Last week, Arieso released a report stating iPhone 4S users were consuming twice the data as their iPhone 4 counterparts. Arieso placed the blame squarely on Siri, the new personal assistant that allows users to initiate searches and basic phone actions through voice command. Siri, however, is just a scapegoat. Siri may be the mechanism for more searches on the iPhone 4S, but the application itself consumes a miniscule amount of data.

I reached out to Vlad Sejnoha, CTO of Nuance Communications, which provides the automated voice recognition technology that powers Siri.

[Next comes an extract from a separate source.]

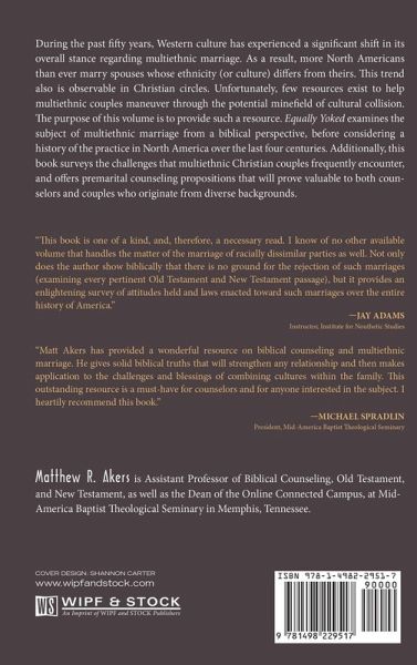 During the past fifty years, Western culture has experienced a significant shift in its overall stance regarding multiethnic marriage. As a result, more North Americans than ever marry spouses whose ethnicity (or culture) differs from theirs. This trend also is observable in Christian circles. Unfortunately, few resources exist to help multiethnic couples maneuver through the potential minefield of cultural collision. The purpose of this volume is to provide such a resource. Equally Yoked examines the subject of multiethnic marriage from a biblical perspective, before considering a history of the practice in North America over the last four centuries. Additionally, this book surveys the challenges that multiethnic Christian couples frequently encounter, and offers premarital counseling propositions that will prove valuable to both counselors and couples who originate from diverse backgrounds.

Sejnoha said he couldn’t comment on Siri specifically, but generally network voice recognition platforms send highly compressed audio files from the phone to network-based servers any time a voice command is initiated. Nuance’s own Dragon Go voice-search app usually only sends tens of kilobytes per voice prompt, and the amount of data sent back to the device is even tinier, since Dragon Go doesn’t have to futz around with an audio recording on the return path, Sejnoha said.

However, that doesn’t mean Siri isn’t driving more data usage even if it isn’t draining bandwidth itself. Sejnoha said that voice-driven user interfaces and natural speech recognition are encouraging more and deeper searches for mobile web content simply because the technology is easier to use on the go than the usual finger-tap methods. If customers are using Siri to get to video sharing and streaming sites or using it to find applications to download more often and more easily, then you would expect a big increase in data usage.

“Invoking searches or media consumption may require greater bandwidth, but no more than if these actions were initiated in conventional ways, and the size of the data ‘payload’ can vary immensely depending on what the user is doing,” Sejnoha said in an email.

Still, it’s hard to imagine those Siri-driven searches are producing a doubling of data traffic to the 4S versus the iPhone 4. You can use Siri to easily get to YouTube or Pandora websites, but Siri can’t open the YouTube or Pandora iOS apps, which are infinitely more useful for actually streaming video and music. Many of Siri’s most tantalizing features – setting reminders, dictating text messages, initiating calls, getting weather and schedule updates – would consume only the most miniscule amount of network data. The bevy of new features in the iPhone 4S, from iCloud over-the-air music and data synchronization to its more powerful processor, all could be contributing to an explosion in data usage much more than Siri.

It’s more accurate to look at Siri as another of Apple’s long line of user interface innovations — the original iPhone touchscreen, the first Safari microbrowser and the concept of the mobile app – that have made it subsequently easier for smartphone users to interact with Internet services on a tiny device.